Sample size determined to be met if within 5%.
Unadjusted/least-adjusted P value reported.
Target sample size for total study = 240: 4 groups of 60 per group.
Primary outcome was binary indicator of whether a child had reduced delay in 2 or more child development domains of the ASQ. These domains are provided.
The original sample size was revised down in a protocol amendment.
Protocol was amended to change the primary outcome from a percentage change to a point change.
A per-protocol analysis was explicitly selected for methodological reasons.
Sample size calculation estimated that a sample size of 200 (100 per group) was required; however, sample was reduced because of funding constraints.
Xia 2021 reported a statistically significant adjusted P value of .048 for this outcome; however, the detected effect size was below their anticipated 4-point change.
Xia 2021 reported a finding on this outcome according to their adjusted P value of .004.

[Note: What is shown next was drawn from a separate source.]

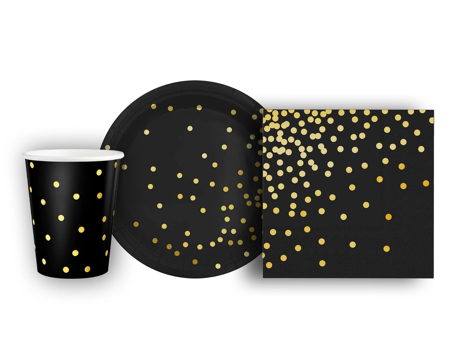 Set de hârtie neagră cu puncte aurii - 22 buc.

Participants, Interventions, Comparators, and Outcomes
Most studies (n = 17) recruited infants from high-risk populations, including preterm and/or low birth weight infants; infants with birth asphyxia; infants diagnosed with a range of conditions such as hydrocephalus, respiratory failure, HSV disease, or hypoglycemia; or those scheduled for inguinal herniorrhaphy. In contrast, 4 studies recruited healthy infants (Table 1). The 21 studies aimed to recruit 9048 participants in total, with individual study sample sizes ranging from 46 to 2112 participants (Table 2).

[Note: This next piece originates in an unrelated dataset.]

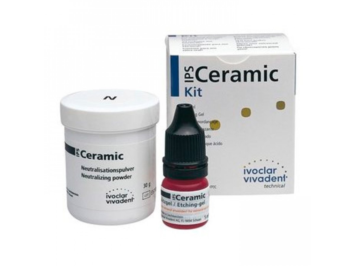 IPS Ceramic Etching Gel Kit протравочный гель, набор, служит для создания ретенционной поверхности на цельнокерамической реставрации в рамках подготовки к фиксации. Гель усиливает силу сцепления между фиксирующим композитом и керамической поверхностью. Плавиковая кислота (фтороводородная кислота, фтористоводородная кислота, гидрофторидная кислота) — водный раствор фтороводорода (HF). Производитель: Ivoclar Vivadent, Лихтенштейн.

A variety of interventions was studied, broadly categorized into nutritional supplements (n = 7), behavioral interventions (n = 5), procedural interventions (n = 5), and drug interventions (n = 4) (Table 1). Because of the diversity of study interventions investigated, the intervention details, comparator, age at onset, and intervention duration varied widely.

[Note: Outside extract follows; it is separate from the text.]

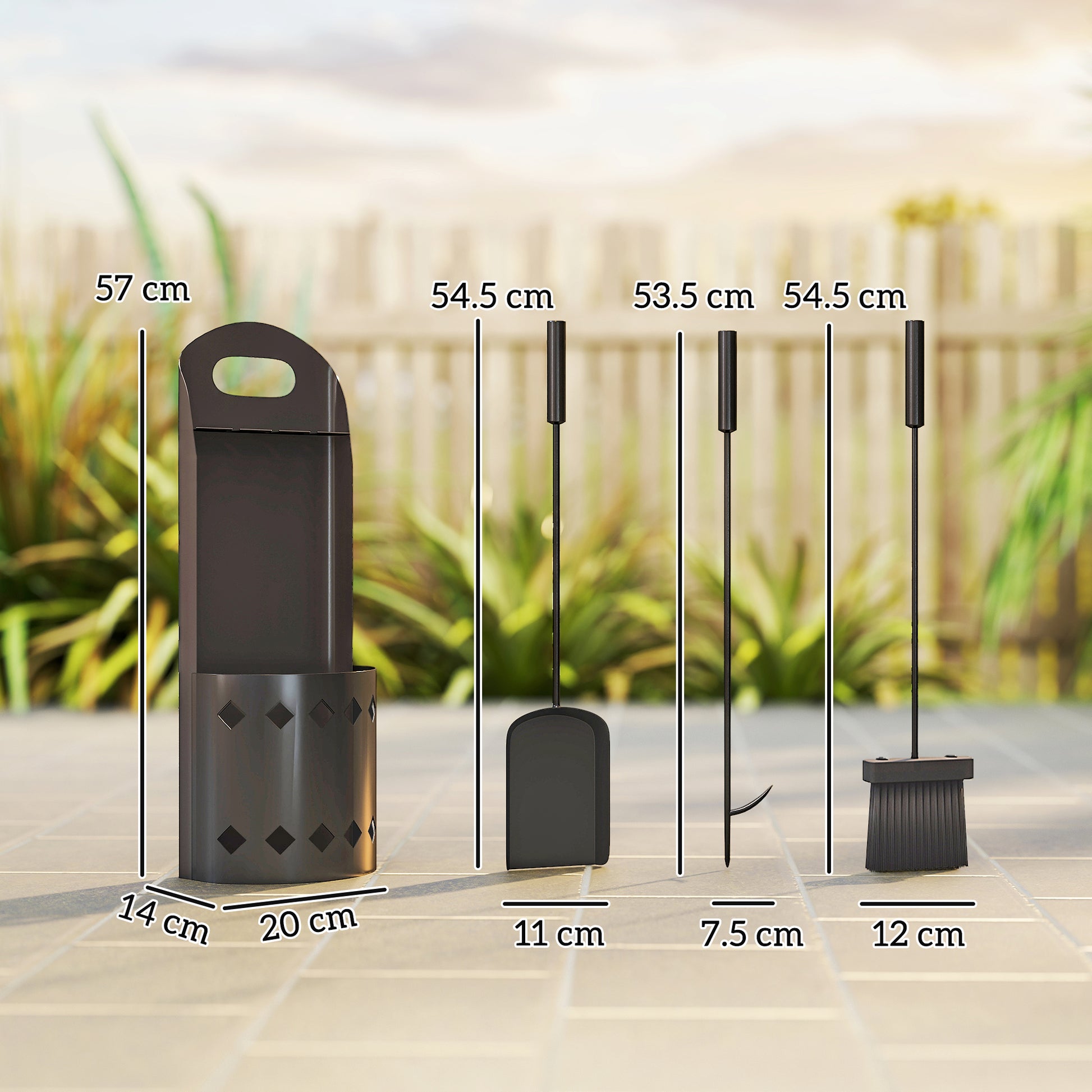 Warm up your hearth with the Outsunny fireplace companion set, a charming addition to any indoor or outdoor setting. This four-piece set includes a broom, a shovel, a poker and a bucket, all crafted in metal with a sleek black powder coating. Enjoy effortless maintenance and a timeless look with these essential fireplace accessories.

Outcome assessment tools used were the Bayley Scales of Infant and Toddler Development (BSID, n = 18), Ages and Stages Questionnaire (ASQ, n = 2), and Wechsler Preschool and Primary Scale of Intelligence (n = 1) (Table 2). Among studies that administered the BSID, 6 used the BSID-II and 12 used the BSID-III. There was substantial variability among studies as to the number and range of neurodevelopmental domains used for the primary outcome. Ten of the 21 studies reported a single domain/composite score as the primary outcome. The remainder of studies elected the primary outcome to encompass >1 developmental domain/composite score (eg, cognitive, motor, and language composite scores of the BSID-III, or both the mental and psychomotor developmental indexes of the BSID-II) (Table 2). This resulted in a total of 38 trial outcomes/results reported across all studies. Study primary endpoints ranged from 12 months to 5 years and 4 months of age, with the majority following up at either 12 (n = 7 of 21) or 24 (n = 5 of 21) months of age (Table 2). One study29 specified 2 primary outcome time points (12 and 24 months).
Methodologic Quality
Overall, 8 of the 21 studies (38%) were rated as high risk of bias in at least 1 domain, resulting in an overall high risk of bias assessment (Fig 2). Missing outcome data were the most common source of bias identified in high-risk studies, followed by deviations from the intended interventions. A further 7 studies (33%) were rated to have some concerns, often related to risk arising from deviations from the intended interventions. Six studies (29%) had low risk of bias across all domains.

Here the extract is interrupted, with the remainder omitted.